Excluding pictures, transcribe precisely the lines from the one containing "Verplichte bord met" to the final line of the listing below, inclusive, and nothing more.

- Opening Delimiter -

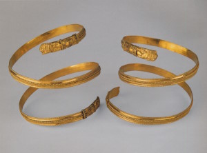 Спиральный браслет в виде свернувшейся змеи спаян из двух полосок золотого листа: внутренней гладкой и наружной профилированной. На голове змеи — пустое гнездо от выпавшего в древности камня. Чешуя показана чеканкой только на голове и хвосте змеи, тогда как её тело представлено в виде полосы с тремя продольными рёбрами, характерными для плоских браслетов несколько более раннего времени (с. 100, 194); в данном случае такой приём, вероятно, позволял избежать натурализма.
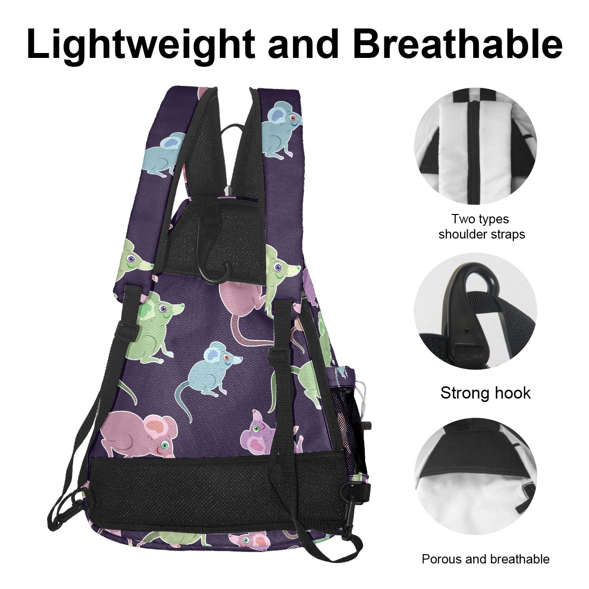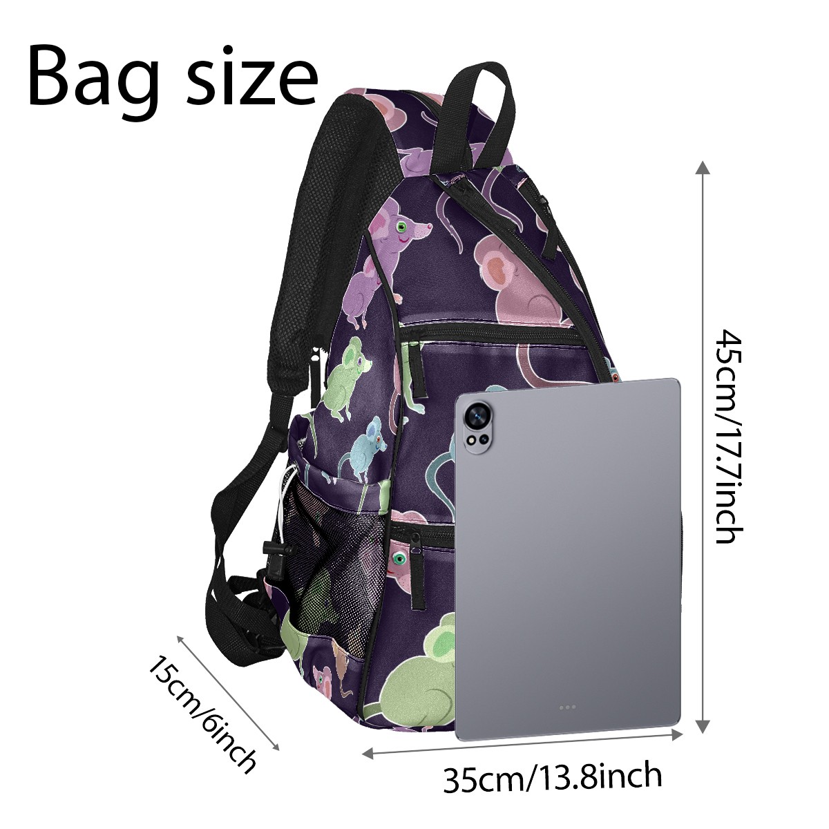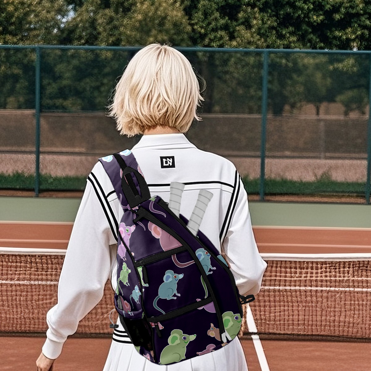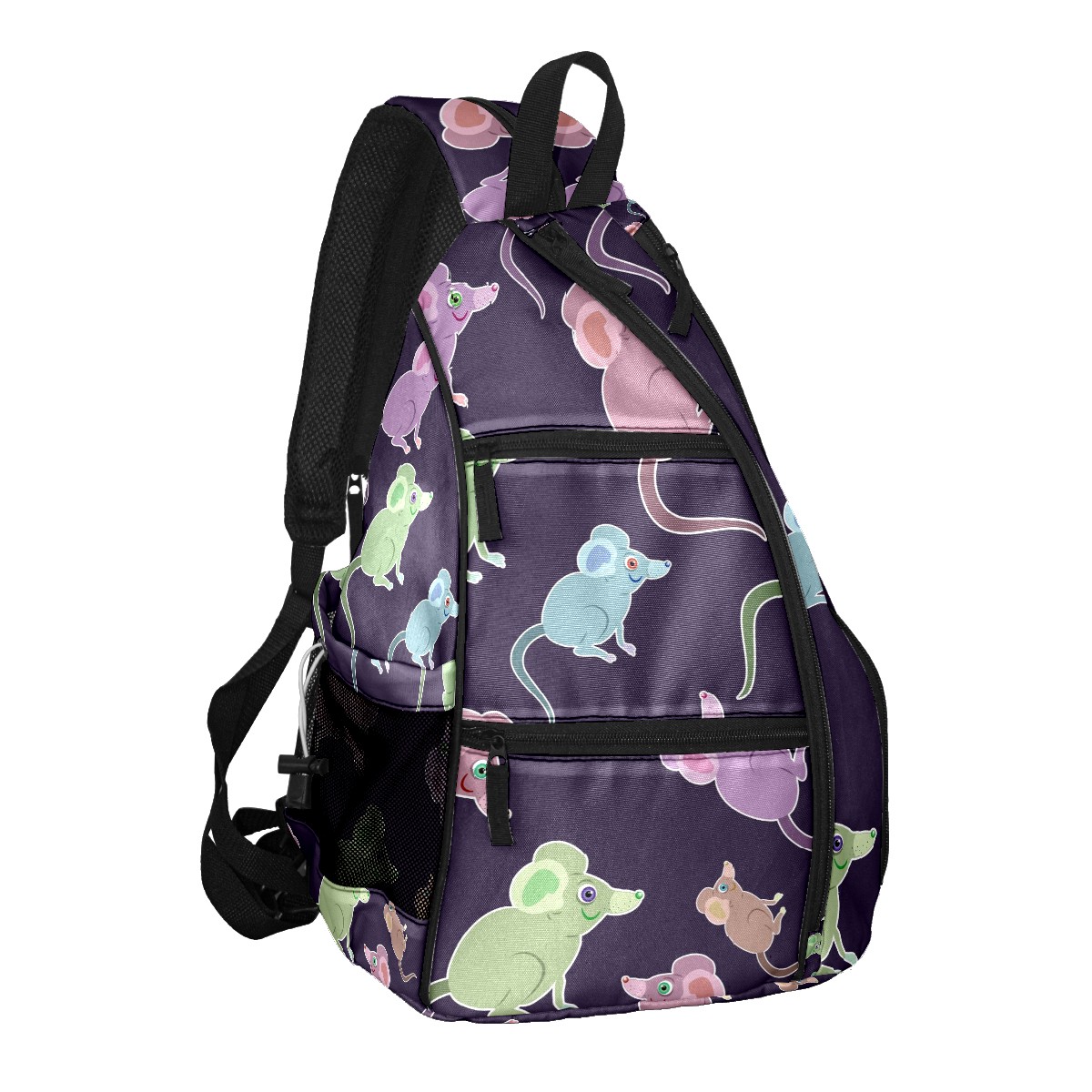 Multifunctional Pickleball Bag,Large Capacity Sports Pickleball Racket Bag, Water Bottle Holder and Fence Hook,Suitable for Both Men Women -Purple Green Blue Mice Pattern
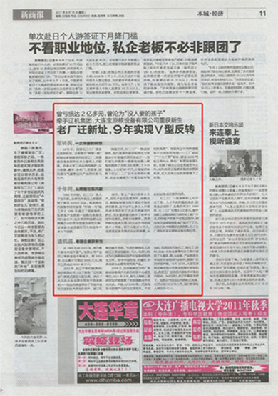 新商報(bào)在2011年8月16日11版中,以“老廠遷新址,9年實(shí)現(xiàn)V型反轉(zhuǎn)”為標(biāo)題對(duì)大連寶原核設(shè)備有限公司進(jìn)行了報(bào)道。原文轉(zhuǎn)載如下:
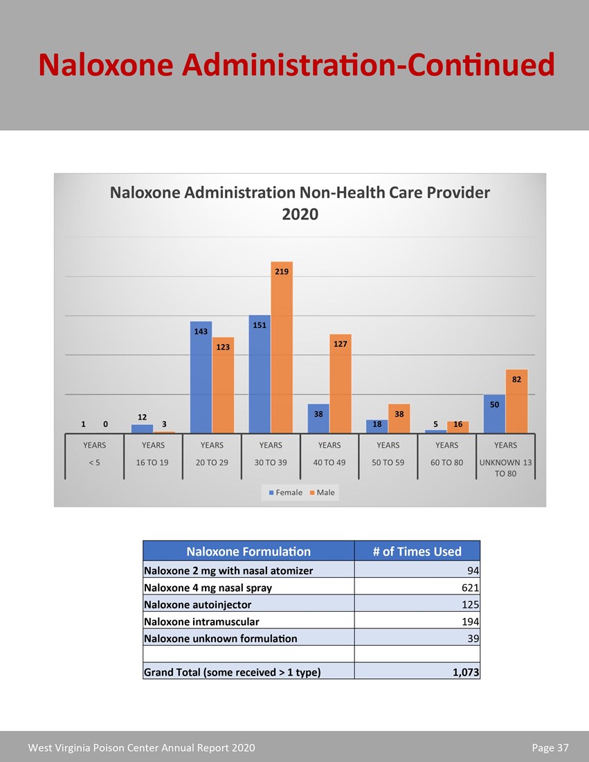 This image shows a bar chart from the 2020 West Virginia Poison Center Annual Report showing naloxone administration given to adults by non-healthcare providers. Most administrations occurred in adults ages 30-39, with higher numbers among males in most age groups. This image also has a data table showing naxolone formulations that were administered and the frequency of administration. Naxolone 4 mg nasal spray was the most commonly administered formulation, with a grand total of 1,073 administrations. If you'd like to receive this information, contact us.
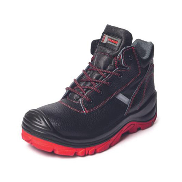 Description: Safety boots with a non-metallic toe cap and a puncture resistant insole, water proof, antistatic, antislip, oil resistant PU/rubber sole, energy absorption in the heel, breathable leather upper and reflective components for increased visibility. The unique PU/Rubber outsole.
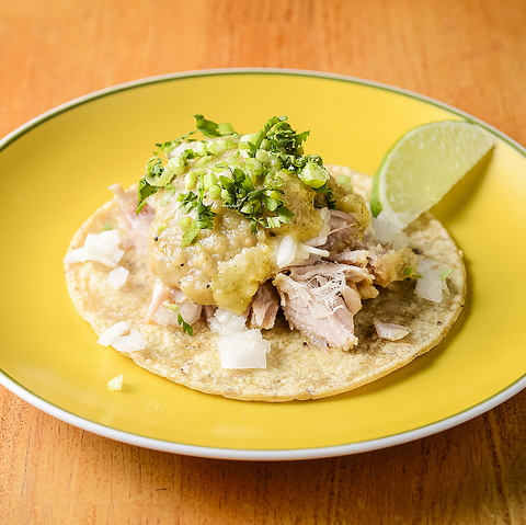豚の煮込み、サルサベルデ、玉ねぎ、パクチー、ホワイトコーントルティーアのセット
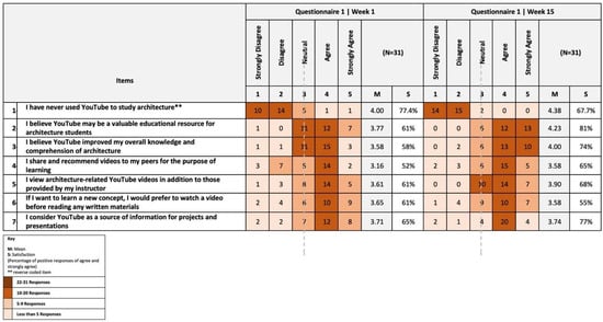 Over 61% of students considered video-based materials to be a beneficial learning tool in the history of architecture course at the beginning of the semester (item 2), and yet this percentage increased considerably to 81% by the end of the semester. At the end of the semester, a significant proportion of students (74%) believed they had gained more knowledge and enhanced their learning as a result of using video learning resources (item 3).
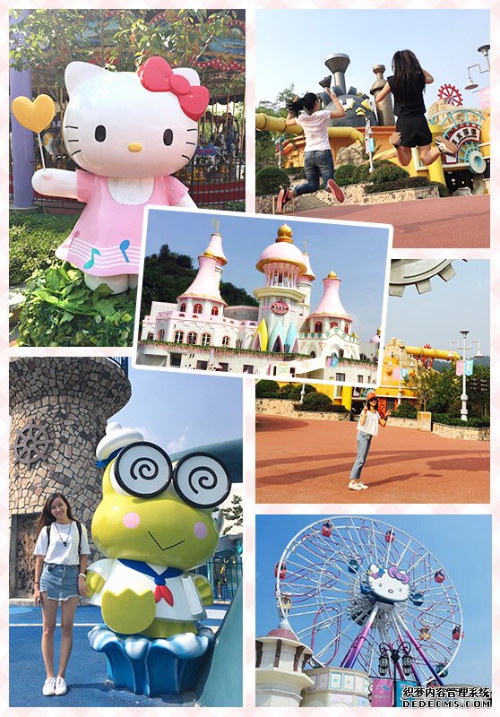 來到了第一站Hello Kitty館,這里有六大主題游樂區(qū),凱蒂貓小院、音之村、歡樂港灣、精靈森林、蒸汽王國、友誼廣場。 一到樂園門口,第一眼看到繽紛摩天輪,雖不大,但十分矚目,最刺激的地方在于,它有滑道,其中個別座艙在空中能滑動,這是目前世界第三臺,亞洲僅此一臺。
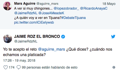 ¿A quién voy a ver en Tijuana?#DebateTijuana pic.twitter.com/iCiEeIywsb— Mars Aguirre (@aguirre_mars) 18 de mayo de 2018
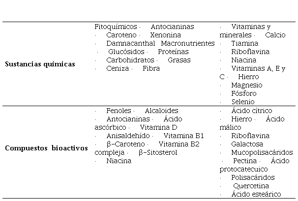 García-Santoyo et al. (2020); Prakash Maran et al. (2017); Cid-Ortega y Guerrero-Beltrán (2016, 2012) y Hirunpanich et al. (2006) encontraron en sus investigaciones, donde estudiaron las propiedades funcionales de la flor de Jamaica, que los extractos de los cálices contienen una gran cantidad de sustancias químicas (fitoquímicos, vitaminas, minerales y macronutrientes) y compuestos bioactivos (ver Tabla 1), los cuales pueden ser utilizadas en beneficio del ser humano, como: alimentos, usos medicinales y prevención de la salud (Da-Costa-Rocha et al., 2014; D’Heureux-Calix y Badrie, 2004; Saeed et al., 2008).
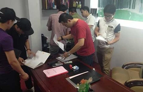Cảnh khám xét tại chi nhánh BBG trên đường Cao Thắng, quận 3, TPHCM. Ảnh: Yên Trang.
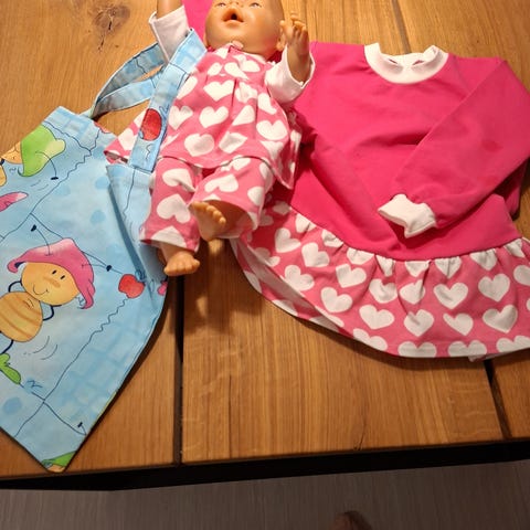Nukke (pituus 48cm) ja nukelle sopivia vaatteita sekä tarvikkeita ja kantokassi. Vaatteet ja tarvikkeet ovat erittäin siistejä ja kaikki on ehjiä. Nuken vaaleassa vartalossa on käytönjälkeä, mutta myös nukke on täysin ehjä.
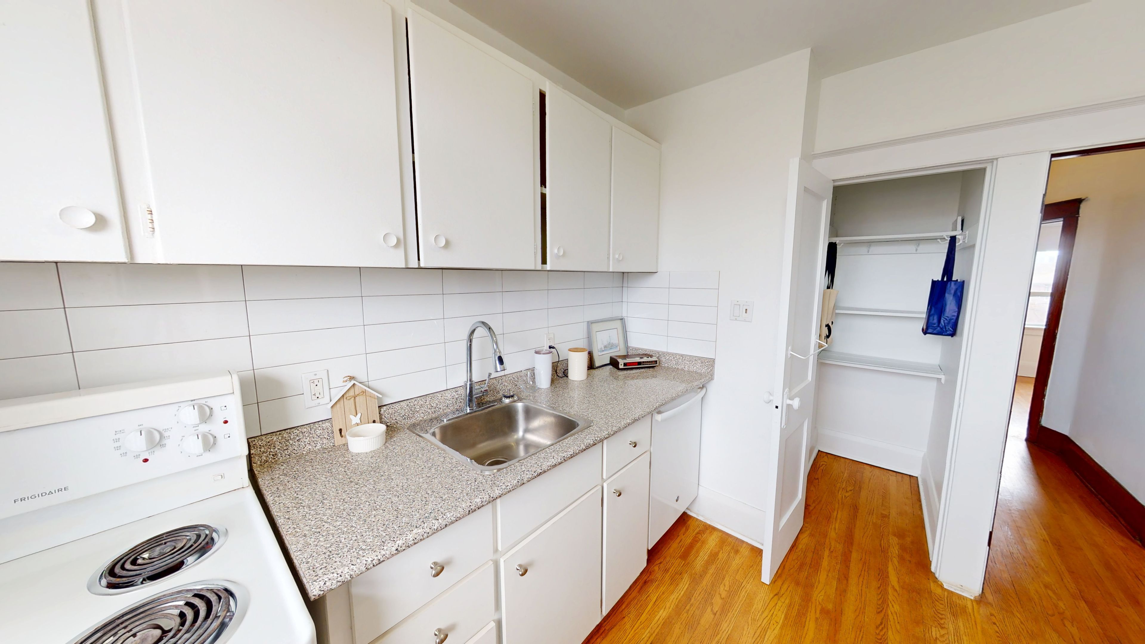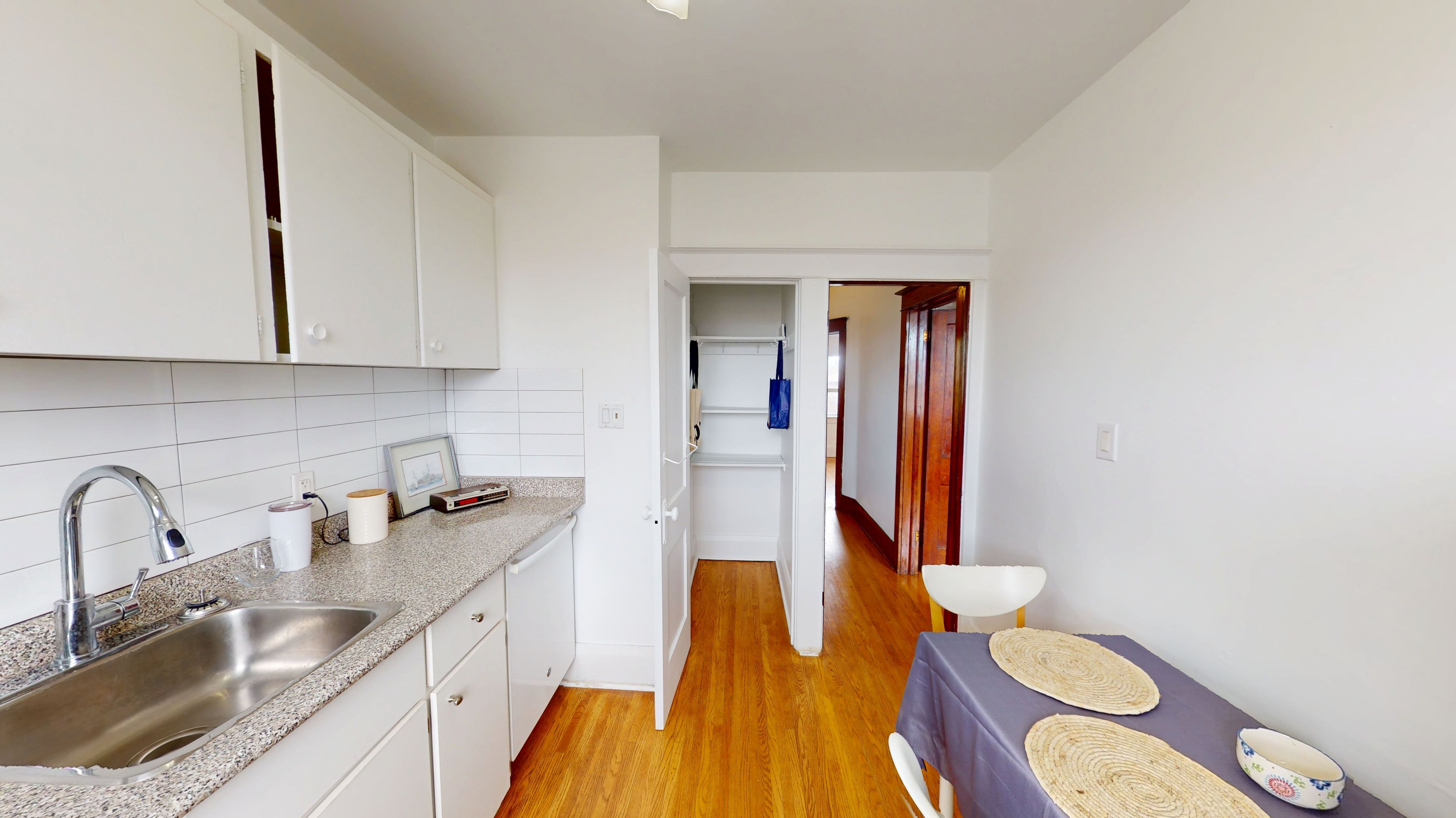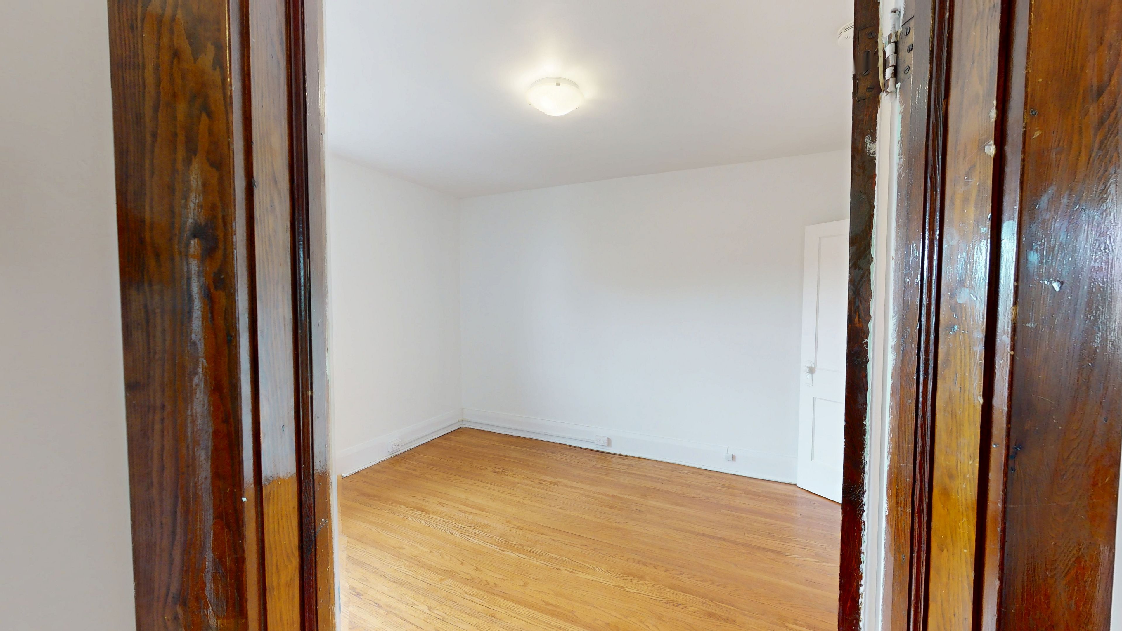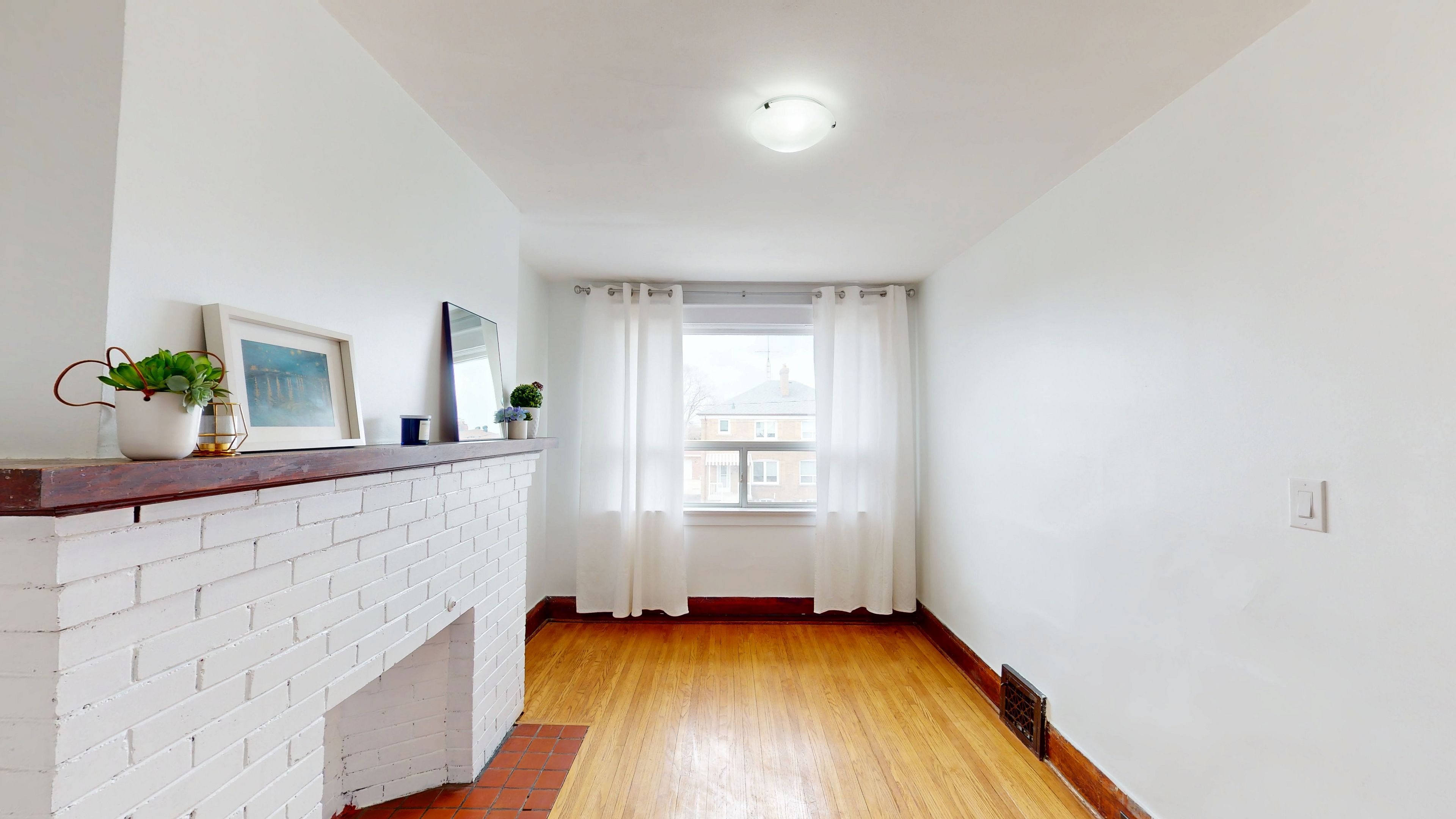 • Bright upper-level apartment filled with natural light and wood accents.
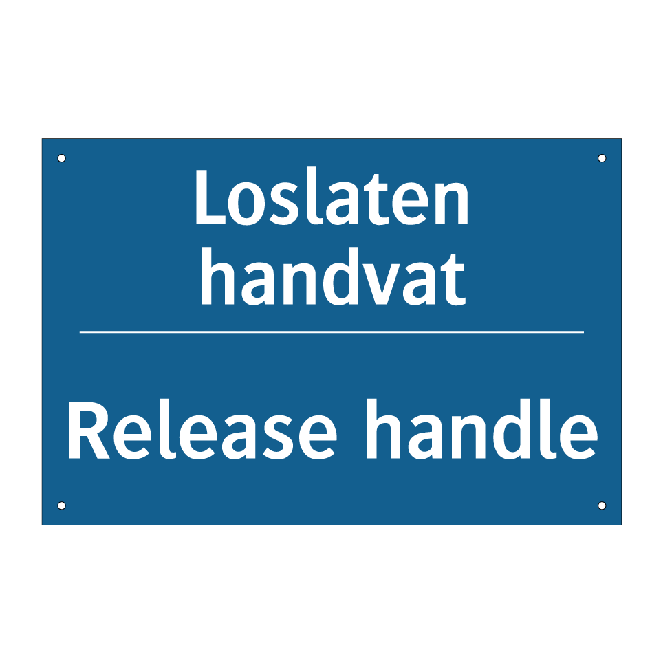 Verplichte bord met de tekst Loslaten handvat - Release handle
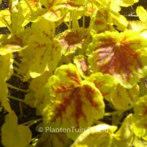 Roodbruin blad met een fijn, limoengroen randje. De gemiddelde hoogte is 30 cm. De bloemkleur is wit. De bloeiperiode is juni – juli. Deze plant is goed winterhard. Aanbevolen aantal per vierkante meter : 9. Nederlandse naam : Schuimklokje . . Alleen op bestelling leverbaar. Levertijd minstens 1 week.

- Closing Delimiter -

RESPONSE BOX ::
 Verplichte bord met de tekst Loslaten handvat - Release handle
 Roodbruin blad met een fijn, limoengroen randje. De gemiddelde hoogte is 30 cm. De bloemkleur is wit. De bloeiperiode is juni – juli. Deze plant is goed winterhard. Aanbevolen aantal per vierkante meter : 9. Nederlandse naam : Schuimklokje . . Alleen op bestelling leverbaar. Levertijd minstens 1 week.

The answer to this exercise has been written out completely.